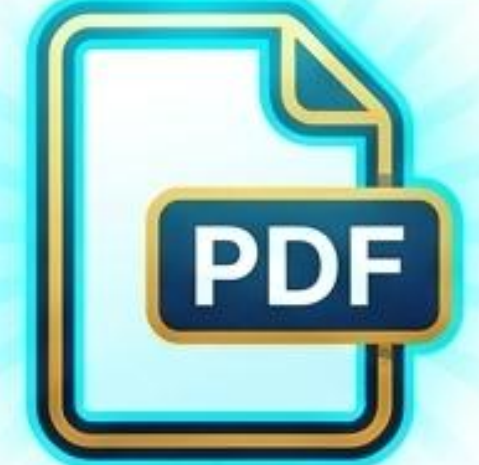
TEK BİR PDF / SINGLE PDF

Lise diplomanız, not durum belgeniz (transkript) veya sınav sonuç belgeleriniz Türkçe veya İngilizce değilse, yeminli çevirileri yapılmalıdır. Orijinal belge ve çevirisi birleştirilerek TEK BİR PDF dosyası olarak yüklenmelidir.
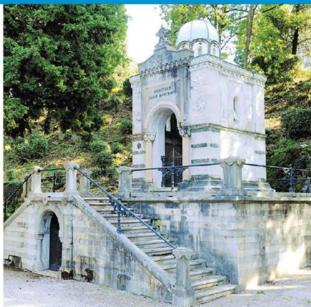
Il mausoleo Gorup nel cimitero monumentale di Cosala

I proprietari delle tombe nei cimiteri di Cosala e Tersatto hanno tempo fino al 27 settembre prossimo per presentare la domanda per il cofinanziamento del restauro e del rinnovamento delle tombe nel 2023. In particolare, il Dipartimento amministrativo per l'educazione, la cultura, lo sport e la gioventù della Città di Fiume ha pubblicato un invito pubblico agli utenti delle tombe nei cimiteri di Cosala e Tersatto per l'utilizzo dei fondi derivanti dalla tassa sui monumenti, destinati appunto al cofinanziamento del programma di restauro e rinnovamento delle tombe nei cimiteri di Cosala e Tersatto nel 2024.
---
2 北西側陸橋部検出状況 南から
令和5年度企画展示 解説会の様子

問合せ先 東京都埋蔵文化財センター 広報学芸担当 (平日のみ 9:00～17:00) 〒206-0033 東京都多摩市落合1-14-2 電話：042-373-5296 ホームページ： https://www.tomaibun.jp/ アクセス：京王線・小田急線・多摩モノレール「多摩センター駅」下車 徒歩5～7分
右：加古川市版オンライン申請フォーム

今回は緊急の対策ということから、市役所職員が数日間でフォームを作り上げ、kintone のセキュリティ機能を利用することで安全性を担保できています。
--
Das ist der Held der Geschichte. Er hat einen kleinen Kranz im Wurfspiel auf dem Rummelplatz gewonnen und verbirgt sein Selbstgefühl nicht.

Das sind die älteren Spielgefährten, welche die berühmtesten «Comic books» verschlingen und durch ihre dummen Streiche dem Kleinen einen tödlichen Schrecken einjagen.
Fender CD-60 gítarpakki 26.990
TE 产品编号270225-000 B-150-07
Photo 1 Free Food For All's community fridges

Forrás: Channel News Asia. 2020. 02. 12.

- [PROMPT]
Of the entries above, repeat exactly the lines between the line with "Das ist der" and the line with "Forrás: Channel News Asia. 2020. 02. 12.", inclusive, and no others.

- [EXPECTED OUTPUT]
Das ist der Held der Geschichte. Er hat einen kleinen Kranz im Wurfspiel auf dem Rummelplatz gewonnen und verbirgt sein Selbstgefühl nicht.

Das sind die älteren Spielgefährten, welche die berühmtesten «Comic books» verschlingen und durch ihre dummen Streiche dem Kleinen einen tödlichen Schrecken einjagen.
Fender CD-60 gítarpakki 26.990
TE 产品编号270225-000 B-150-07
Photo 1 Free Food For All's community fridges

Forrás: Channel News Asia. 2020. 02. 12.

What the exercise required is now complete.